The signs and symptoms of each type of seizure can range from mild to severe. A seizure generally subsides within a couple of minutes, but it requires urgent medical attention if symptoms last for longer than five minutes.
Call-out an ambulance:
- If a second seizure occurs immediately
- If the person remains unresponsive after the seizure has stopped
- If the seizures are accompanied by high fever and heat exhaustion
- People with other medical conditions like diabetes or pregnant women are more vulnerable and need to be rushed to the doctor.
Call 1860-500-1066 to book an appointment.

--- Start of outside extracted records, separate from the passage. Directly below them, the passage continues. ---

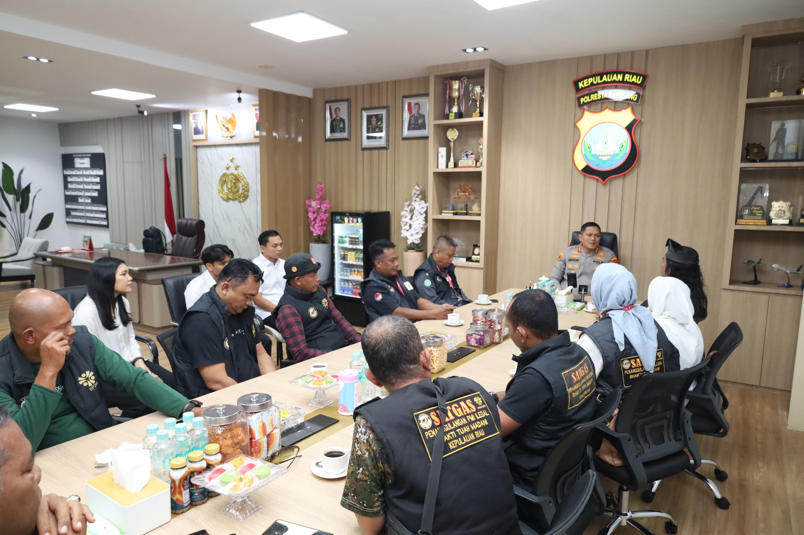 Rombongan Satgas PMI Bhakti Tuah Madani dipimpin oleh Ketua Umum DPW Satgas Bhakti Tuah Madani, Udin, didampingi Sekretaris Jenderal dan jajaran pengurus. Mereka diterima langsung oleh Kapolresta Barelang Kombes Pol Anggoro Wicaksono, S.H., S.I.K., M.H., di ruang Kapolresta lantai 2 Gedung Polresta Barelang.
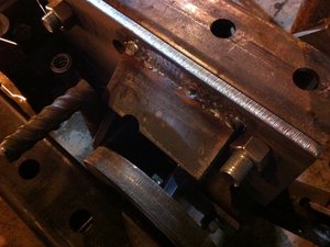 | + | [* black] Move tractor to the backhoe and put the upper quick attach finger weldment into place on both the right and left-hand sides Of the quick attach and tack into place |
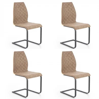 La sedia Rick risponde alle tue esigenze grazie alla sua struttura a slitta in acciaio nero verniciato a polvere che le dona linee sinuose ed eleganti, oltre alla finitura assolutamente originale con schienale in effetto rovere dorato e la morbida imbottitura arricchita dai preziosi dettagli delle cuciture che mettono in risalto la sua bellezza.
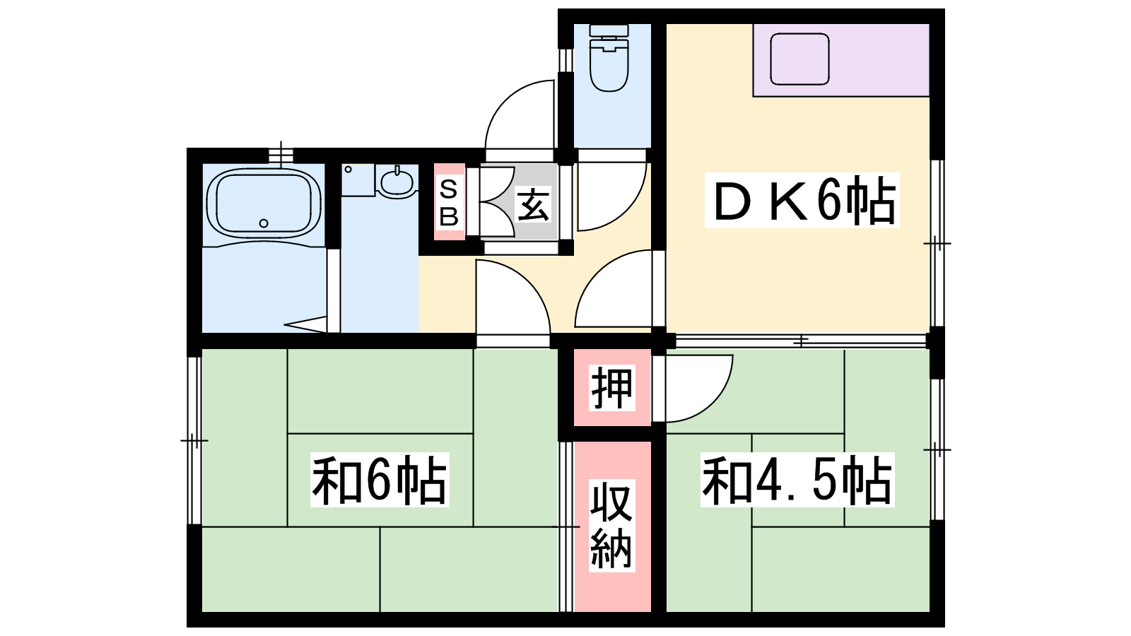 - DK6帖、和室6帖、和室4.5帖
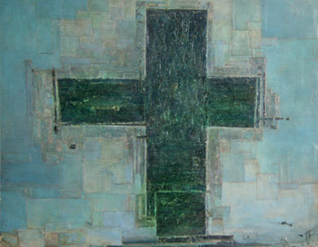 Peace I was very affected by the Indonesian Tsunami and the force of Mother Nature. This series was inspired, amongst other things, by the constant barrage of these pixelated images flashing across our TV's of aerial shots of the islands and land under water and water over land. The islands became dark green crosses in a sea of the most beautiful blues, greens and aquas. The eagle's eye view of the peace after the storm. |
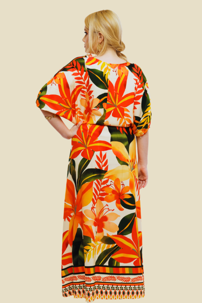VESTIDO LONGO MANGA CURTA CAROL FLORAL LARANJA FUNDO BEGE

Witnessing someone with a seizure can make you feel afraid and helpless, but not all episodes are emergencies. If you are familiar with the physical signs of seizures and are aware of the appropriate first aid response, you can help save a person’s life.
Also, follow precautionary guidelines to protect your children or loved ones affected by epilepsy. Educate and empower them from harming themselves during a seizure. Keep the doctor informed of all the seizure activity and always reach out for medical help immediately in emergencies.